1.14 Recording the Speech Sounds
A decision regarding the method of recording the sounds of the dialects has to be made at the very beginning of the field survey. Both scientific and practical matters have a bearing upon this problem.
As to the scientific aspect of the problem, it is important to keep in mind that the dialects may differ (a) in the system of phonemes, (b) in the lexical incidence (etymological distribution) of shared phonemes, or (c) in the phonic manifestation of shared phonemes from place to place and from class to class (regional and social diaphones). Moreover, (d) the phonemes of any given dialect may exhibit positionally or prosodically conditioned allophones.
Though of uneven value from the structural point of view, phonemic, incidental, diaphonie, and allophonic phenomena all have their relevance in dialect research, whether synchronic or diachronic.
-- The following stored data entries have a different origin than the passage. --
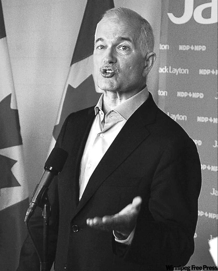 Andrew Vaughan / THE CANADIAN PRESS Jack Layton talks with reporters during a campaign stop in Burnaby, B.C., Saturday.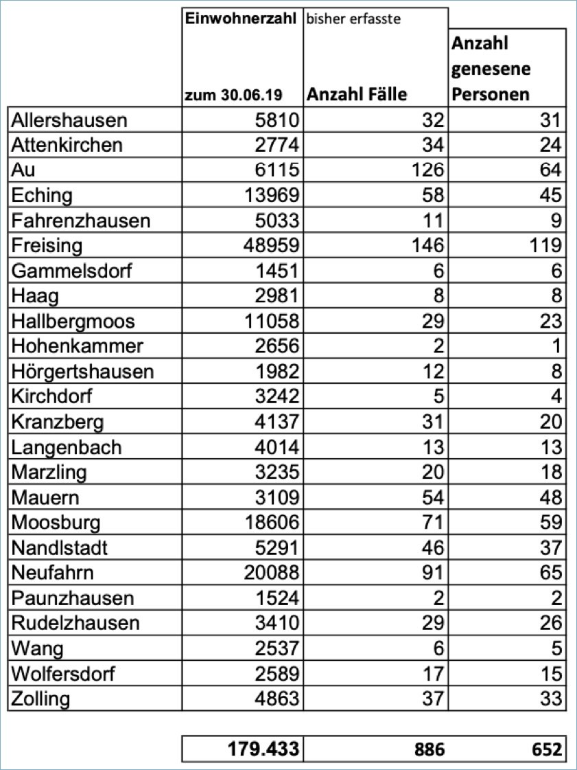 "Mittlerweile ist die Ausbreitung des Corona-Virus im Landkreis Freising so weit fortgeschritten, dass der Landkreis die Gefahr einer möglichen Diskriminierung von Bürgern nicht mehr als so akut einstuft", wurde am heutigen Nachmittag aus dem Landratsamt erklärt. Aus diesem Grund werden der Ankündigung zufolge "die Fallzahlen einmal wöchentlich auf die Gemeinden aufgeschlüsselt" veröffentlicht.
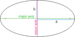 La longueur du petit axe est couramment notée 2b, celle du demi-petit axe, b.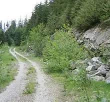 Singletrack (or single track) describes a type of mountain biking trail that is approximately the width of the bike. It contrasts with double-track or fire road which is wide enough for four-wheeled off-road vehicles. It is often smooth and flowing, but may also feature technical rocky sections, go over tree roots, and include berms, banked turns, switch-backs, hills, drops, jumps, and so forth. Singletrack which descends significantly, and in the most downward direction, is said to be following the fall line.[1]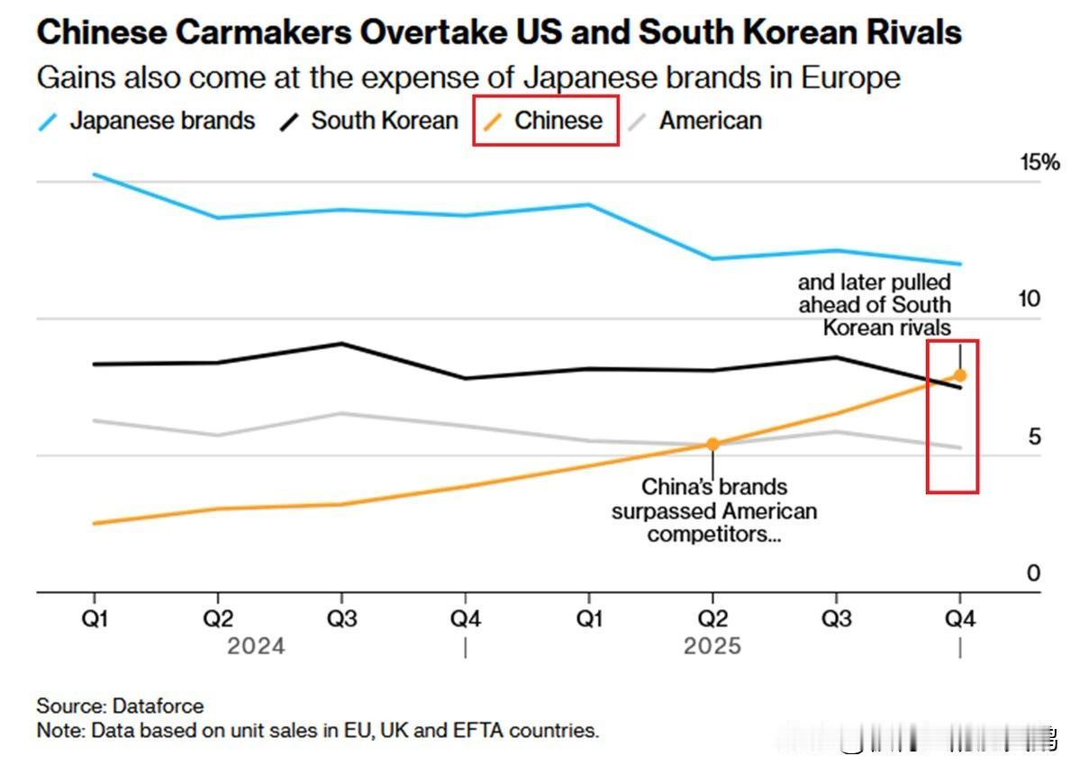 中国汽车制造商正在接管欧洲! 中国品牌现在占欧洲所有乘用车销量约10%。 这可是创纪录的水平了,并且首次超越了美国和韩国竞争对手。 他们的电动车市场份额在2025年翻了一番多,达到11%,仅12月就达到了16%。 日本品牌仍以约13%的份额领先,但按照这个速度,中国最早在2026年,也就是今年内就超过日本。 这意味着中国开始主导全球汽车市场的场面将提前到来。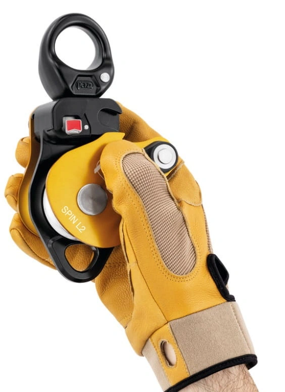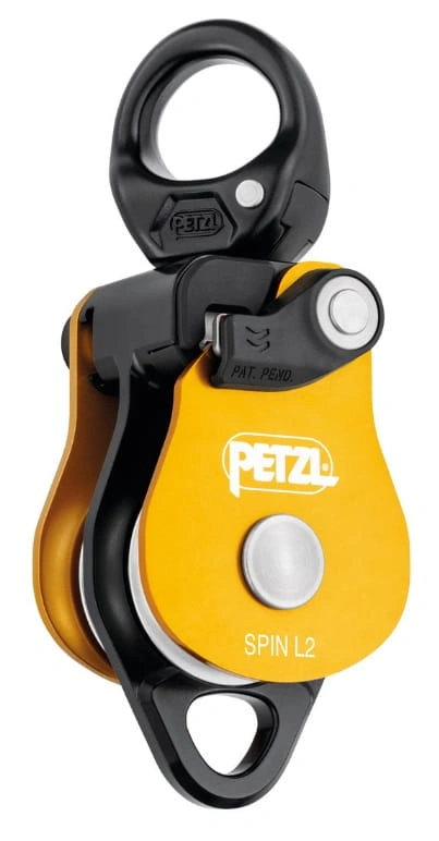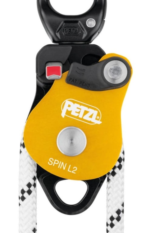 Możliwość otwarcia bloczka, nawet gdy jest wpięty do stanowiska. Bloczek SPIN L2 został zaprojektowany w taki sposób, by maksymalnie uprościć zakładanie układów do wyciągania, tyrolek lub odciągów. Dwie rolki umieszczone równolegle oraz dodatkowy otwór do wpinania umożliwiają konstrukcję złożonych układów do wyciągania. Rolki o dużej średnicy, zamontowane na szczelnym łożysku kulkowym zapewniają bardzo dużą wydajność, Krętlik ułatwia operowanie bloczkiem pod obciążeniem: umożliwia jego orientację i bezpośrednie wpięcie karabinków, lin lub taśm.

Without adequate phonic data no single dialect or idiolect can be adequately described; nor can its historical relation to its sister dialects or its parent dialect be traced in realistic fashion [Kurath 1961].
If that be granted, as it must be, the question is simply this: How can a full record of relevant phonological information be best obtained under the conditions confronting the fieldworker charged with the task of eliciting and recording a large number of lexical, morphological, and phonological responses in a limited time? Could he reliably, or even tentatively, establish the phonemic inventory and the phonic range of the individual phonemes, say, in the first two hours and thereafter record purely phonemically? But by the time he could start phonemic recording most dialect speakers would have bid him “goodbye.”
Under the circumstances, strictly phonic recording imposes itself and has been adopted in nearly all major dialect surveys since the turn of the century. Its feasibility cannot be questioned. The requirements are (1) a finely graded and flexible system of phonic notation adapted to anticipated variations within the area, such as those used in Italy [Jaberg-Jud 1928: 24-36], in the United States [Kurath-Bloch 1939: 122-43], and in German־speaking Switzerland [Hotzenköcherle 1962-B: 79-86]; and (2) intensive training of the fieldworkers in the application of this system, preferably under field conditions, real or simulated.
The task of recording phonically, i.e., of writing down all audible shades of sounds by means of a finely graded system of notation, is not as demanding upon the investigator or as cumbersome as a casual inspection of the records might suggest to the uninitiated. Any experienced fieldworker can testify to this fact, and add that the very fullness and flexibility of the notation system often relieved him of time-consuming decisions.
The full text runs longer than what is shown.